With Tuesday's primaries, women have hit another milestone in this record-breaking political year, setting a new record for the number of women who have secured a major party nomination for the U.S. House.
Democrats and Republicans have nominated 185 women to run for the House in November, as of Wednesday morning, according to the Center for Women and Politics at Rutgers University.
The figure breaks the prior record of 167 nominees set in 2016.
The total could still tick upwards in the coming days, as three more women are candidates House primaries that remain too close to call after Tuesday's voting.
Fourteen states have yet to hold their primaries, and one still will hold a runoff, meaning the total number of women nominees could easily jump substantially by Election Day, further shattering that 2016 record.

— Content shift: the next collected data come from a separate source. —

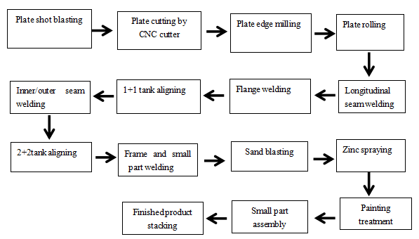 Наша производственная линия по производству ветряных электростанций состоит из следующего оборудования: машины для струйной дробеструйной обработки, станка для резки с ЧПУ, фрезерного станка для листовой плиты, станка для прокатки листов, платформы для выравнивания фланцев, 1-позиционный ротатор, сварочный аппарат с прямым сварным швом, сварочные ротаторы, внутренние / внешние сварочный сварочный аппарат с 2 + 2 центрирующими ротаторами и сварочным ротатором (линия подъема), сварочные ротаторы для пескоструйной обработки и ротаторы для покраски.
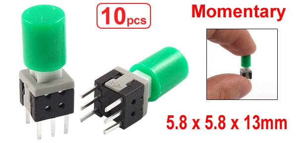 Product Name Tact Switch Contact Type Momentary Dimension 5.8 x 5.8 x 13mm / 0.23" x 0.23" x 0.51" (L*W*H) Button Cap Size 6 x 7mm / 0.23" x 0.27"(D*H) Pin Pitch 4 x 2mm / 0.16" x 0.08" (L*W) Pin Length 4mm / 0.16" Material Plastic, Metal, Electric Parts Color Black, White, Gray, Green Net Weight 6g Package Content 10 x Tact Switch w Cap - Reviews
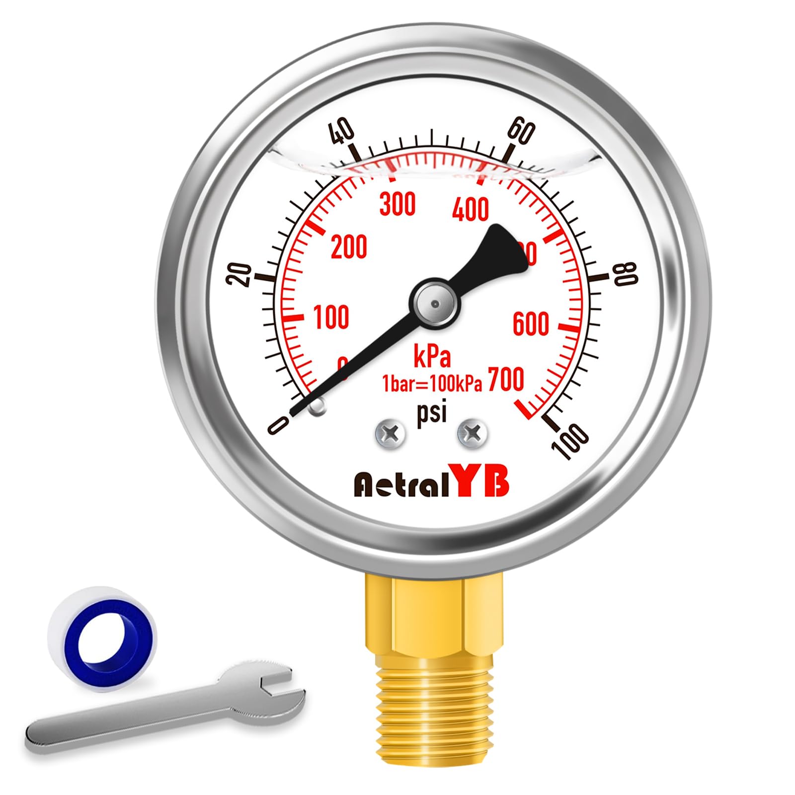 Medidor de presión de 0-100 psi, relleno de glicerina, montaje inferior NPT de 1/4″, acero inoxidable, medidor de presión de filtr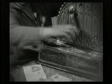 Shots of abacus and cash register being used, newspaper printing then rapid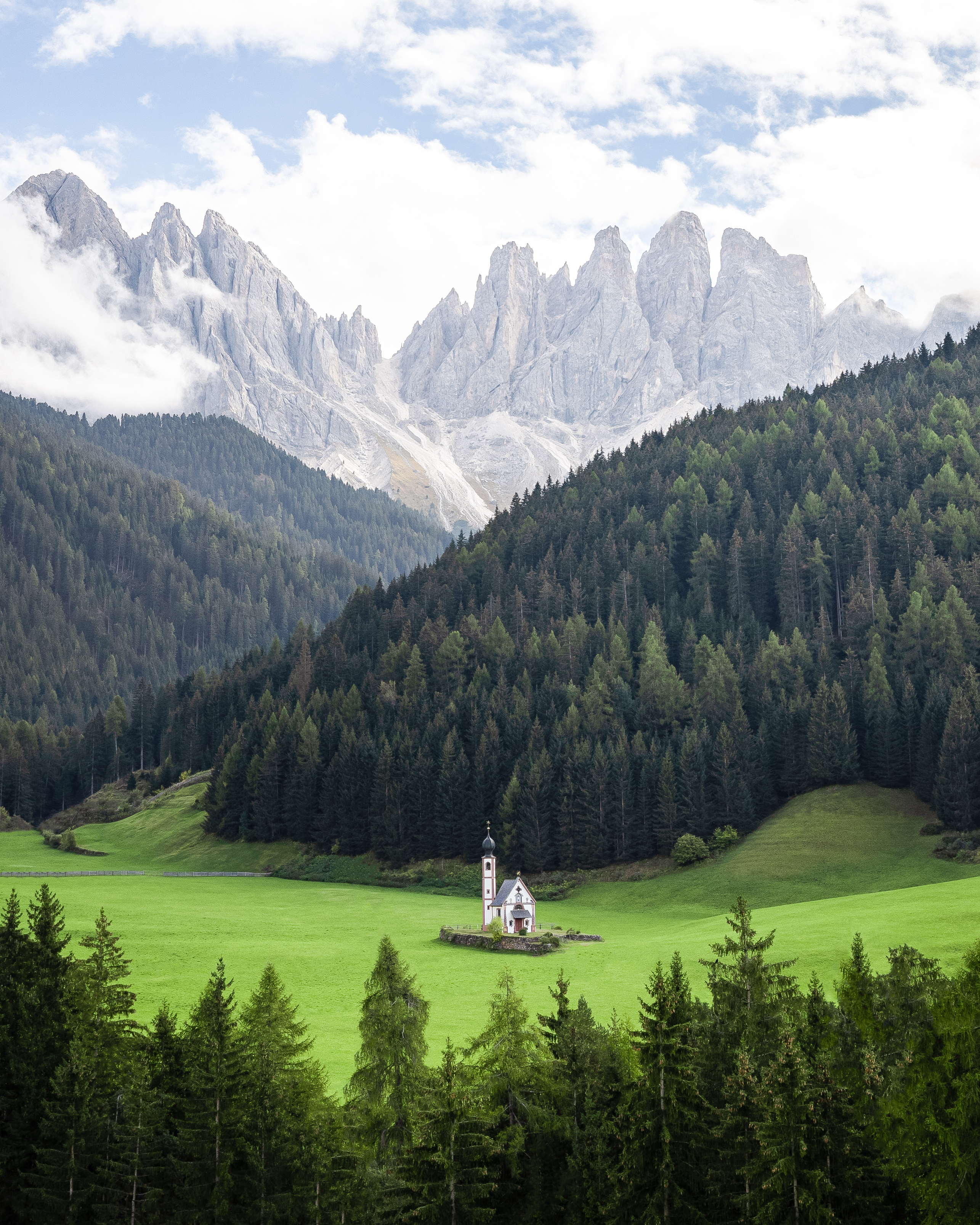 Perdue au cœur des Dolomites, cette petite chapelle semble veiller seule sur la vallée. J’ai passé la nuit juste en face, dans mon van, bercé par un orage qui n’en finissait plus. Le matin venu, pas de lever de soleil, la pluie tombait encore, tenace. Après un café bien chaud et quelques heures à attendre que le ciel se calme, j’ai enfin pu sortir. L’air était frais, l’herbe brillait, gorgée d’eau, et la chapelle, encore plus belle dans cette humidité lumineuse, se dressait fièrement.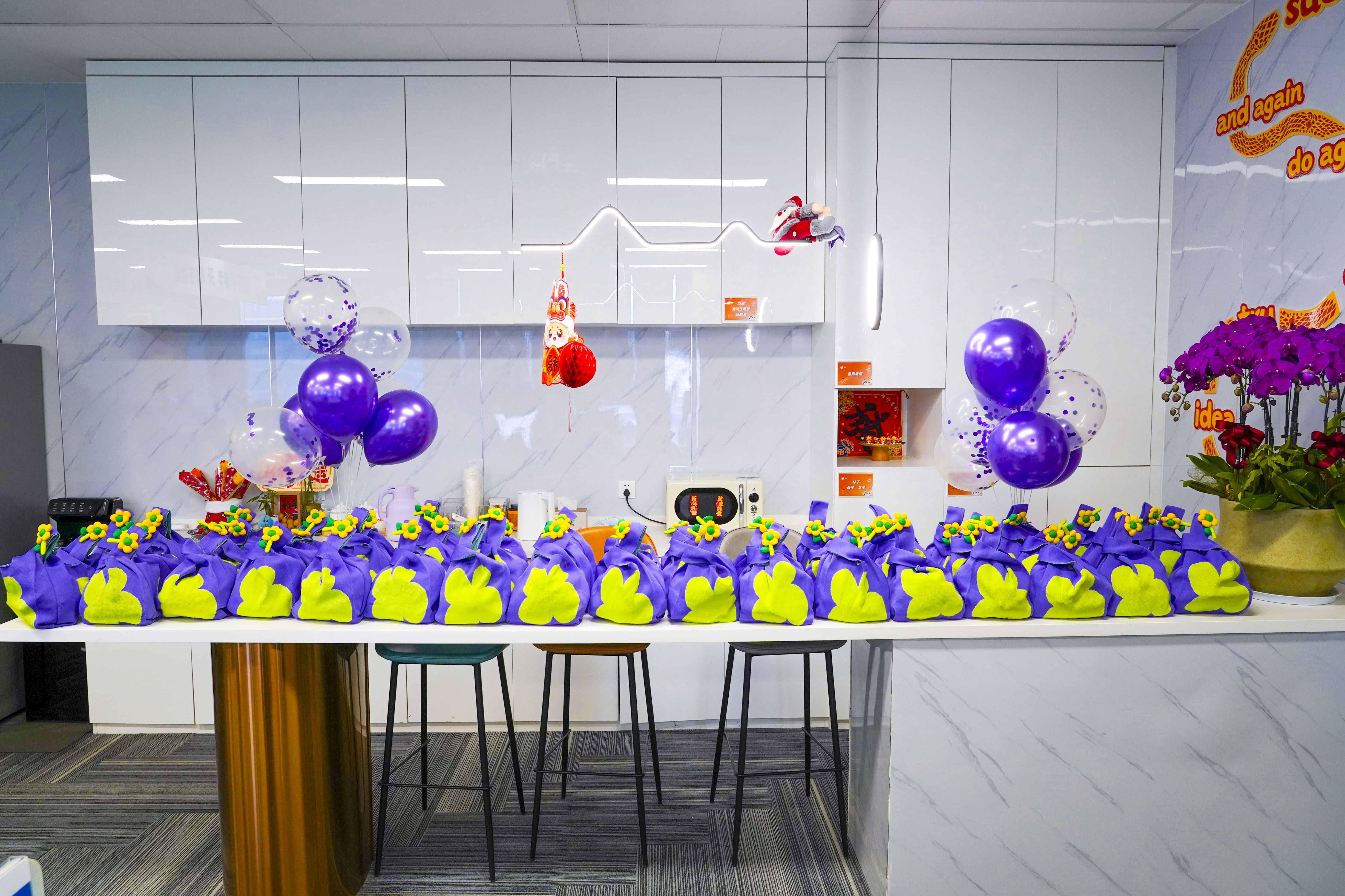 Stepping into the event venue is like a gentle encounter. The administrative team used purple and white balloons to create a little corner in the company that soothes the soul. May everyone let go of their busy schedules here and just be the protagonist of their own stories.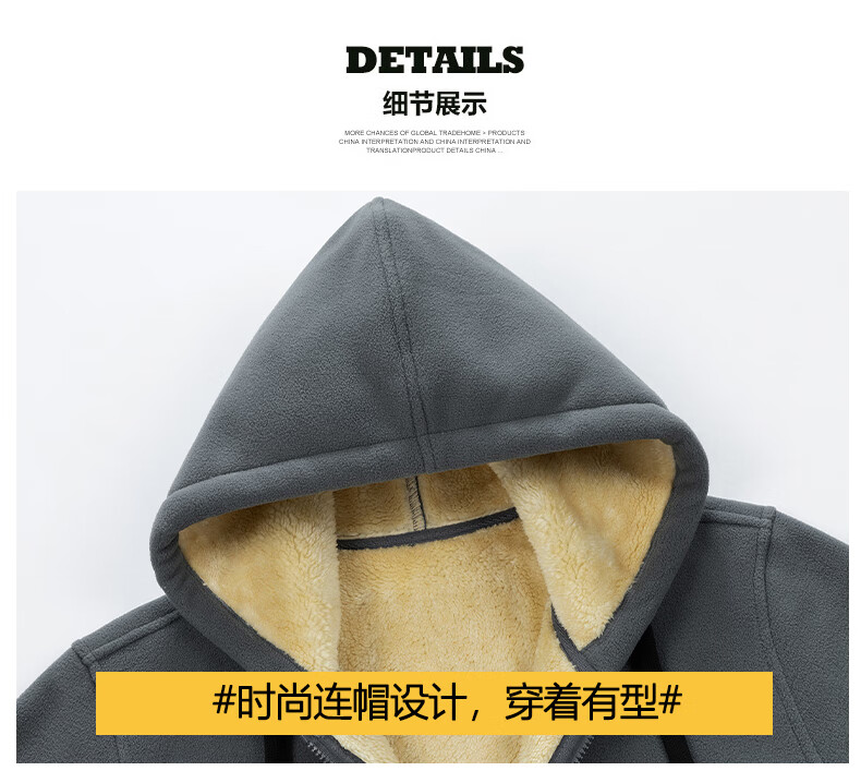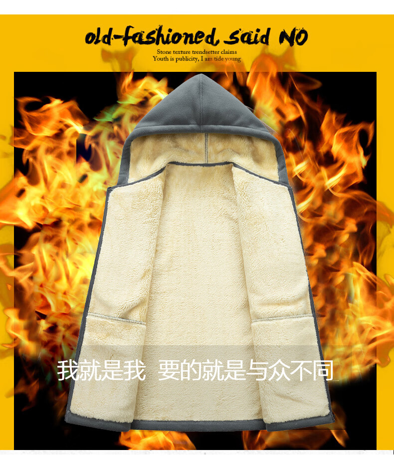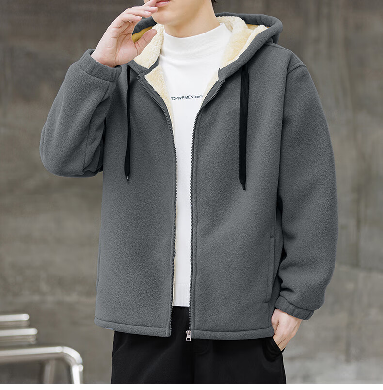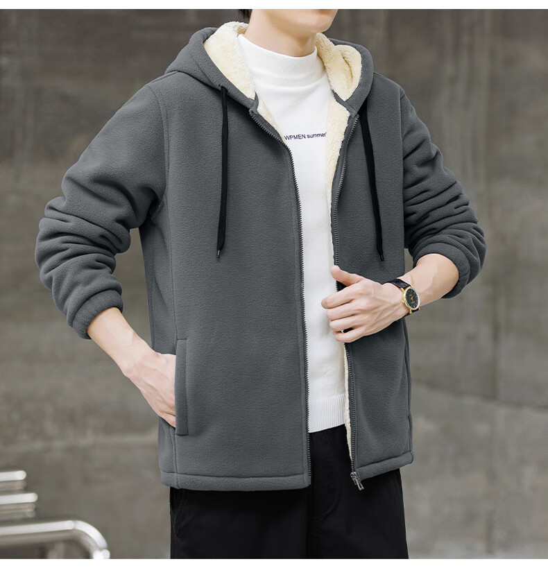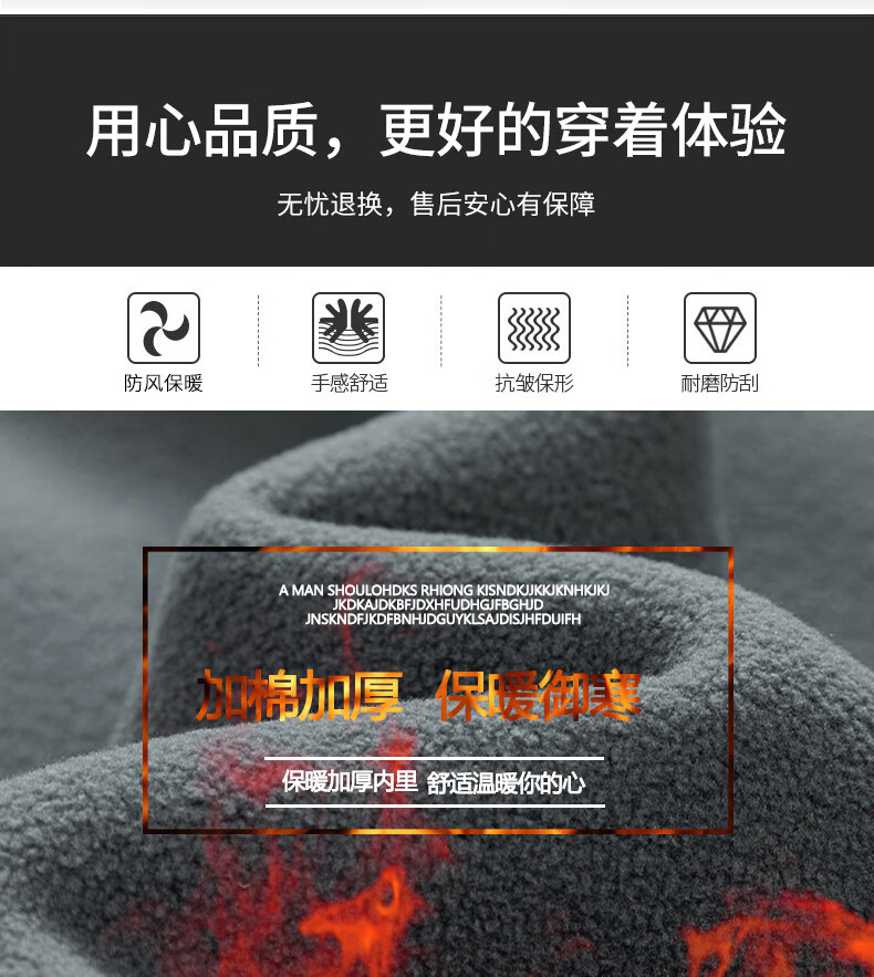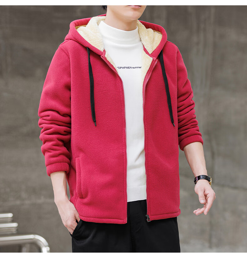 Dingfengbaoluo simple jacket men's winter velvet polar fleece warm stand-up collar casual top jacket BY19 black 2XL

CAWP had already determined that more women than ever have been running in congressional primaries this year. This latest development represents those women advancing closer to serving in a Congress where women are underrepresented. While women regularly represent more than half the electorate, they make up 20 percent of lawmakers on Capitol Hill.
Overwhelmingly, the women running and the women nominated this year have been Democrats. Of those 185 women nominated for the House thus far, 143 — more than three-quarters — are Democrats.
That's not unusual; Democratic women regularly outnumber Republican women in congressional elections. But Democratic women have been particularly energized since the election of Donald Trump. They were much more likely than Republican women to support the massive women's marches that took place worldwide on the day after Trump's inauguration in January 2017, and many women have said that his election inspired them to get involved in politics since then.
That enthusiasm has continued to play out for more than a year and a half since. And not only are Democratic women running more; they're winning more. In open Democratic House primaries with at least one man and one woman running, women have won 69 percent of the time this year, according to data provided to NPR by the Cook Political Report's David Wasserman. On the Republican side, women have won 34 percent of the time.
All of which is to say that the story here is about party in addition to gender. The number of Democratic men running for office likewise skyrocketed this year — in an April analysis, CAWP found that more than three times more men than women are running this year.
While women have set a record in U.S. House races this year, they have not yet gotten there in Senate contests. The current record is 18 women Senate nominees, set in 2012. Right now, 13 women are major-party nominees.